L’ignoranza, la povertà e la mancanza di istruzione hanno poi rappresentato purtroppo un terreno fertile per i movimenti politici islamisti, compresi quelli terroristi. Questie hanno aggravato il quadro e hanno contribuito a produrre l’attuale situazione di arretramento socio-economico.
Non vediamo altra opzione se non la lotta organizzata e consapevole dei lavoratori, dei giovani, dei settori più attivi della società e dei partiti progressisti per condurre verso l’attuazione di una rivoluzione popolare e democratica.
L’obiettivo è superare la dipendenza economica e l’arretratezza politica, a sconfiggere le dittature, a liberare le persone e le donne, a separare la religione e lo stato, a creare solide basi per un reale sviluppo dei nostri popoli.
In tal senso vediamo con interesse la cosiddetta seconda ondata di rivoluzioni iniziata in Algeria, Iraq, Sudan e Libano.
Notiamo come alcune di esse abbiano già realizzato parte dei propri obiettivi, come dimostra il cambiamento dei regimi precedenti in Algeria e Sudan.
Ma in Iraq e in Libano, i conflitti settari, le contraddizioni tra sunniti e sciiti, e la delicata posizione della regione in generale, segnata dall’annosa questione del controllo delle ingenti risorse petrolifere della zona e dalle relazioni con l’entità sionista, stanno complicando la situazione.
Senza dimenticare gli effetti che stanno avendo la pandemia sul movimento di protesta e sulla lotta in generale.
Tuttavia, penso che queste rivoluzioni non si siano mai fermate, ed ora si stanno riorganizzando per proseguire il proprio percorso.
Per quando riguarda le questioni geopolitiche e la normalizzazione dei rapporti con l’entità sionista noi crediamo che una delle condizioni essenziali per liberare la nostra società sia la liberazione della Palestina.
La Palestina è occupata da un’entità usurpatrice fondata dagli imperialisti americani, francesi e inglesi per controllare le risorse naturali della nostra regione.
Questa entità sta giocando il ruolo di custode degli interessi imperialisti.
Come partito dei lavoratori, insieme a tutti i movimenti progressisti in Tunisia e nei paesi arabi, siamo contro questa entità usurpatrice e sosteniamo il popolo palestinese nella sua legittima lotta per smantellare lo stato dei criminali sionisti, per liberare tutta la Palestina e creare un unico stato palestinese laico e democratico che possa accogliere tutti i suoi cittadini.

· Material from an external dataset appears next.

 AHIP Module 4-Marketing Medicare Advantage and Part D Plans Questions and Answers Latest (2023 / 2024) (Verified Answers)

Dobbiamo abbattere questa occupazione come è stata abbattuta l’occupazione francese in Algeria.
Ciò sarà possibile e realizzabile solo grazie ad un movimento progressista unito.
Bisogna capire l’importanza di questa questione perché l’entità sionista gioca un ruolo fondamentale nel bloccare lo sviluppo nella nostra regione.

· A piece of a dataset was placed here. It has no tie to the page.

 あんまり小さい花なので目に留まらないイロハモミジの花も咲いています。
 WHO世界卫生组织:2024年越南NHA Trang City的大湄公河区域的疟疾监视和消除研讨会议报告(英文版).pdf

Sostiene i regimi fondamentalisti e conservatori nel Golfo, in Marocco e appoggiano tutte le fazioni retrograde.
Contratta con quei regimi nel quadro delle strategie imperialiste, in particolare dell’imperialismo americano.
Svende i diritti dei popoli, come dimostra il baratto tra la normalizzazione dei rapporti diplomatici con il regime marocchino ed il riconoscimento della sua sovranità sul Sahara Occidentale occupato.
Così come gli altri accordi di normalizzazione con il Sudan, ottenuti in cambio della sua rimozione dall’elenco dei paesi che sponsorizzano il terrorismo, ecc.
Questi accordi riflettono la natura fascista dell’entità sionista che è in contraddizione con i principi fondamentali dell’umanità.